** Opening SUPPLIED INFORMATION block **

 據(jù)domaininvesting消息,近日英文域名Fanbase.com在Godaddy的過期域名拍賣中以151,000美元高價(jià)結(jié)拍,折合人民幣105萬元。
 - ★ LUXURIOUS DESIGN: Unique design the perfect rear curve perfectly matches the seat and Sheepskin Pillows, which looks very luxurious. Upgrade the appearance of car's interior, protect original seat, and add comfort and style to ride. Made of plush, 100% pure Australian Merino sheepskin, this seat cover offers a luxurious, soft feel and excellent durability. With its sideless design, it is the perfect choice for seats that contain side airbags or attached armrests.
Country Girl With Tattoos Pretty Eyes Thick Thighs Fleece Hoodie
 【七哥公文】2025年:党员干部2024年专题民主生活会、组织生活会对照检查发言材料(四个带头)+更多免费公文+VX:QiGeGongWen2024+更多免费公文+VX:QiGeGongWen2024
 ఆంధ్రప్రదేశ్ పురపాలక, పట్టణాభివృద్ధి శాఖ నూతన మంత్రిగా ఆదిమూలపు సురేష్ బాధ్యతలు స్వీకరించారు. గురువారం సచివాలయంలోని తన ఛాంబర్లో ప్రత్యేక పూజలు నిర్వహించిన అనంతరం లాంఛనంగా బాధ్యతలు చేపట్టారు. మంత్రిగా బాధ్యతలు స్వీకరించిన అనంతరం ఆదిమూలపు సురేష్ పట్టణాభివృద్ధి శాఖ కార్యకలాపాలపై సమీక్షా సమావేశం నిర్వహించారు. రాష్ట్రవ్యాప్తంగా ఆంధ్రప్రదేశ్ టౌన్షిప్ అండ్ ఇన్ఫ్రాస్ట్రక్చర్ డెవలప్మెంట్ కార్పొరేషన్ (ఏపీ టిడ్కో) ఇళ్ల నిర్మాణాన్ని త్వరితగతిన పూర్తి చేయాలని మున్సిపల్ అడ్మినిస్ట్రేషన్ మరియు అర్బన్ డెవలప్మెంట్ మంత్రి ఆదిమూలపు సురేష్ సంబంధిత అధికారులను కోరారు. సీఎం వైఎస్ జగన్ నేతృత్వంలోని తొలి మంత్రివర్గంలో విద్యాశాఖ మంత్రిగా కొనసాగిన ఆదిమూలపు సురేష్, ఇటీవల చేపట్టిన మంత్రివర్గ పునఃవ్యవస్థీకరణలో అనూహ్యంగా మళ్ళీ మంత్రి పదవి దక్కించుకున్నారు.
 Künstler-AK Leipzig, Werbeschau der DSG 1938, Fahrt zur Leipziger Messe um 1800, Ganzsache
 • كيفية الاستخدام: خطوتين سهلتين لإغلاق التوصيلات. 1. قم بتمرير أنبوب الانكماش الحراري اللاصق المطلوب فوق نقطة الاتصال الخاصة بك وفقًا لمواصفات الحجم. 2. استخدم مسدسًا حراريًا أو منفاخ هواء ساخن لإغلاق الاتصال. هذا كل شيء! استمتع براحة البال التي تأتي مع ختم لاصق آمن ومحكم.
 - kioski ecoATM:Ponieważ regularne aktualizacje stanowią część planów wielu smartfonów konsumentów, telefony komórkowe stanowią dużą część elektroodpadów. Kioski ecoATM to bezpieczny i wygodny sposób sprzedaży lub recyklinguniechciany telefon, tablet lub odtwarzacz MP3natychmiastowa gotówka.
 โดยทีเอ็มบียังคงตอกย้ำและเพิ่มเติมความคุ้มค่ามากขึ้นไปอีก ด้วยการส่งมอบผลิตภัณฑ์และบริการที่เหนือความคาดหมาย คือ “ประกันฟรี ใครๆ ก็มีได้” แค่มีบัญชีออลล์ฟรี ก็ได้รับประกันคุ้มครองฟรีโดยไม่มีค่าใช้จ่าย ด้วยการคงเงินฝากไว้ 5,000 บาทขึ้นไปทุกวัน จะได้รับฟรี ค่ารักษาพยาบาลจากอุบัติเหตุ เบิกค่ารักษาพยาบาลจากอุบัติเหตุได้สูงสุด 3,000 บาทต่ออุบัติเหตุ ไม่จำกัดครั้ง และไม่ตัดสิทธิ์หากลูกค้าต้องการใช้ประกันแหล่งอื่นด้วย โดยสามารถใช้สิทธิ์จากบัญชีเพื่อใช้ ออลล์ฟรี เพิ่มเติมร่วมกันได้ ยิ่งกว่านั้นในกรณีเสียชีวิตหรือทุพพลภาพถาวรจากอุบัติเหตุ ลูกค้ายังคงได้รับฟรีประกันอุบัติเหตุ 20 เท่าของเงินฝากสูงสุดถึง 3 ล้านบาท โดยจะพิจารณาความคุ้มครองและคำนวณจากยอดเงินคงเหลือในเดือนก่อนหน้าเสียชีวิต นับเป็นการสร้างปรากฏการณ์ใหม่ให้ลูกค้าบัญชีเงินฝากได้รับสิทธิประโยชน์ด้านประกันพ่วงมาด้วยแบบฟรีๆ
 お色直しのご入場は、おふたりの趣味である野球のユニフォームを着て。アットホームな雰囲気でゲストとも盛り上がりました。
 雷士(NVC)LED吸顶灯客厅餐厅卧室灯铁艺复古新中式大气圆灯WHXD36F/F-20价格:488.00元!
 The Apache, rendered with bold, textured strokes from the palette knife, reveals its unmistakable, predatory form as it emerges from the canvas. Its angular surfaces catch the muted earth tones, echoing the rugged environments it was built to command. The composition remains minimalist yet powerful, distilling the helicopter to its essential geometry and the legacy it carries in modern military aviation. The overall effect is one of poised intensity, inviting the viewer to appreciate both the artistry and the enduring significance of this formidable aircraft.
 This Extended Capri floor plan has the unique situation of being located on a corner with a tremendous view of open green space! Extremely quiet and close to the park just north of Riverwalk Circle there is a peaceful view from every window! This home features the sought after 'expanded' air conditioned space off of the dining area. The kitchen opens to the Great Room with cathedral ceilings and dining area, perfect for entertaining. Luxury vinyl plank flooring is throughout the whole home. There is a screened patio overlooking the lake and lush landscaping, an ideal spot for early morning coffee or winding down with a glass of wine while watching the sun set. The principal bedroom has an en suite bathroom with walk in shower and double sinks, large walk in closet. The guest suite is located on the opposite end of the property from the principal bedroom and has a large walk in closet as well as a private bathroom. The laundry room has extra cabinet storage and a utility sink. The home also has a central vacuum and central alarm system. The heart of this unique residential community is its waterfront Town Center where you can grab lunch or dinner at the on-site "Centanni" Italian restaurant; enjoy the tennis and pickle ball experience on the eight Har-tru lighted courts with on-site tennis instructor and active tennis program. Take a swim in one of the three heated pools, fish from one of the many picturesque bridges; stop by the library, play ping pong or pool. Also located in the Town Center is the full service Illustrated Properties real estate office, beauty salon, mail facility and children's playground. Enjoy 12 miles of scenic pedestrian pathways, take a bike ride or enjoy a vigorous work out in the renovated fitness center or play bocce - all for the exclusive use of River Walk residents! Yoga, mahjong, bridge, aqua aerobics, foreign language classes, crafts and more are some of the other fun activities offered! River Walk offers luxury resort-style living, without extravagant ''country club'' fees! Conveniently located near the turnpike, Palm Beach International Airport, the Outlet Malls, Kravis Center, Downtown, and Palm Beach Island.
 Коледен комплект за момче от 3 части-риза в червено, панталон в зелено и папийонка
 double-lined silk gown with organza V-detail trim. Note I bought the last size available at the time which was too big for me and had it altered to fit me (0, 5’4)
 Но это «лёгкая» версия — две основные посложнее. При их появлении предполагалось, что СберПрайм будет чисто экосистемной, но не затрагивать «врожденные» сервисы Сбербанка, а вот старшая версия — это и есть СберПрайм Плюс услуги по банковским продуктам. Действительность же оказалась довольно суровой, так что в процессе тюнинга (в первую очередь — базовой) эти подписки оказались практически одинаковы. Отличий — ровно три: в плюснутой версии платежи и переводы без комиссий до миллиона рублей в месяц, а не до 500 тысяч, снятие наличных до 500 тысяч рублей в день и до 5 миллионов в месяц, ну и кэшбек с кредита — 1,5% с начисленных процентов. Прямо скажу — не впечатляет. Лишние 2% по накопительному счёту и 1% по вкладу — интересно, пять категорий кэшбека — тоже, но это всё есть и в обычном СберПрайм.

** Closing SUPPLIED INFORMATION block **

WHAT IS EXPECTED | The answer is the lines above between the line holding "ด้วยการคงเงินฝากไว้ 5,000 บาทขึ้นไปทุกวัน" and the line holding "雷士(NVC)LED吸顶灯客", inclusive, each written out exactly, and no others.

YOUR RESPONSE |
 โดยทีเอ็มบียังคงตอกย้ำและเพิ่มเติมความคุ้มค่ามากขึ้นไปอีก ด้วยการส่งมอบผลิตภัณฑ์และบริการที่เหนือความคาดหมาย คือ “ประกันฟรี ใครๆ ก็มีได้” แค่มีบัญชีออลล์ฟรี ก็ได้รับประกันคุ้มครองฟรีโดยไม่มีค่าใช้จ่าย ด้วยการคงเงินฝากไว้ 5,000 บาทขึ้นไปทุกวัน จะได้รับฟรี ค่ารักษาพยาบาลจากอุบัติเหตุ เบิกค่ารักษาพยาบาลจากอุบัติเหตุได้สูงสุด 3,000 บาทต่ออุบัติเหตุ ไม่จำกัดครั้ง และไม่ตัดสิทธิ์หากลูกค้าต้องการใช้ประกันแหล่งอื่นด้วย โดยสามารถใช้สิทธิ์จากบัญชีเพื่อใช้ ออลล์ฟรี เพิ่มเติมร่วมกันได้ ยิ่งกว่านั้นในกรณีเสียชีวิตหรือทุพพลภาพถาวรจากอุบัติเหตุ ลูกค้ายังคงได้รับฟรีประกันอุบัติเหตุ 20 เท่าของเงินฝากสูงสุดถึง 3 ล้านบาท โดยจะพิจารณาความคุ้มครองและคำนวณจากยอดเงินคงเหลือในเดือนก่อนหน้าเสียชีวิต นับเป็นการสร้างปรากฏการณ์ใหม่ให้ลูกค้าบัญชีเงินฝากได้รับสิทธิประโยชน์ด้านประกันพ่วงมาด้วยแบบฟรีๆ
 お色直しのご入場は、おふたりの趣味である野球のユニフォームを着て。アットホームな雰囲気でゲストとも盛り上がりました。
 雷士(NVC)LED吸顶灯客厅餐厅卧室灯铁艺复古新中式大气圆灯WHXD36F/F-20价格:488.00元!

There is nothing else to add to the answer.